Other performances of note were Tyler & Dianne’s Jive & Jayde & Karen’s Tango!  And poor Tony Adams did much better this week in his Charleston after last week’s total blank out! Kaye Adams Charleston was pretty good too but, I’m with Craig on this one in that it can be TOO precise & neat & needs a bit of frantic “welly”, for lack of a better word, that he’s said many a time in the past!

Some dances just didn’t suit so well with last week’s leading couples with the exception of Molly & Carlos & Richie & Gio REALLY surprised me with how “On It” they were! Richie’s definitely been channelling all those Fred Astaire videos he watched & I LOVED IT! 

2 of my 3 votes went to Richie & 1 for Molly! 

Poor Tyler is running the London Marathon tomorrow before the results show: he’ll be knackered! 

Edited to add:- Oh yes! ALMOST forgot! Near the start Ellie Simmonds & Nikita’s Waltz was REALLY lovely too!


----------



## freesia (Oct 1, 2022)

@Lanny i totally agree! Molly and Richie's dances really stood out for me too. Ellie's dance was really sweet and lovely. I also loved Tyler's dance.


----------



## eggyg (Oct 2, 2022)

Ellie Swimmer made me cry. I’m so soppy! Although Tony was 100% better this week I didn’t like the routine. I’m sure Katya has done it before with someone.  Tyler and Diane were my picks this week. Felt sorry for Hamza, it wasn’t his dance at all. I’m rooting for Helen as she’s a Cumbrian lass and I think she could do well. Remember Louise Rednap and Faye Tozer, they both weren’t confident at the start and they both did really well in the end. I wasn’t certain about Matt’s routine at all. A bit dad dancing and very cringy I thought!

All in all, a fab-u-lous show. Think tonight’s dance off could be between Tony and Kaye, maybe? Of course you can never second guess the public. I don’t vote, and never have, so I can’t complain if my favourite goes out.


----------



## everydayupsanddowns (Oct 2, 2022)

Some 9s out again. Earlier and earlier!


----------



## eggyg (Oct 2, 2022)

everydayupsanddowns said:


> Some 9s out again. Earlier and earlier!

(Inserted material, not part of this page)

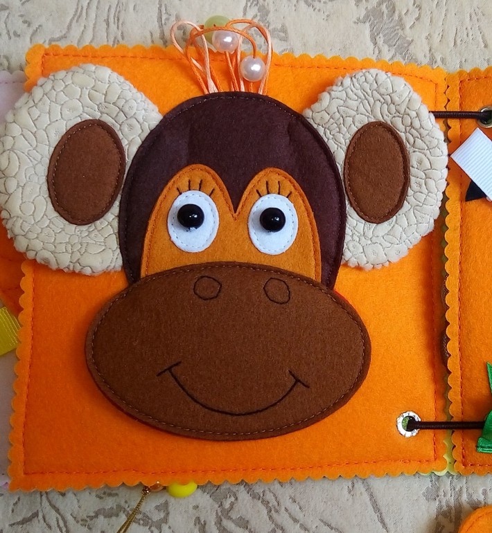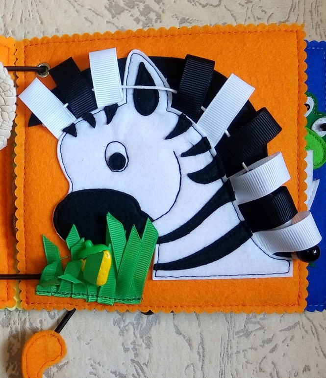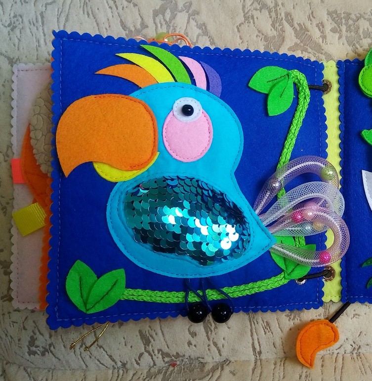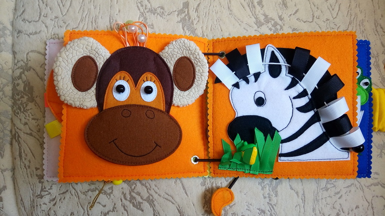 У обезьянки шуршат ушки, можно также играть в ку-ку, можно покормить бананом У зебры перебираем бусинки в гриве.в попугай вшита гремелка. Крыло- двухсторонние пайетки. В хвостике перебираем бусинки. Можно покормить апельсином.

Yeah, but Craig was back to his grumpy, old judge act. He just says what the others really think though.


----------



## freesia (Oct 2, 2022)

I like Craig. He points out the things to work on but almost always finishes with a positive (unless it was REALLY bad). At least if Craig scores high, you know they have earned it.


----------



## Lanny (Oct 2, 2022)

everydayupsanddowns said:


> Some 9s out again. Earlier and earlier!


The judges have come a LONG way in recognising that Strictly isn’t just a dance competition & the general public have, & should rightly do so, have the final say in who wins at the very end so, why not acknowledge & reward for the entertainment values as well: as Motzi said tonight “…it’s not a show for professionals”; it wouldn’t even be on if not for how much the general public love this show! The judges are much more in line with how we vote now & no longer lament us for & almost fight us on who we choose as in the early series’ at the start! 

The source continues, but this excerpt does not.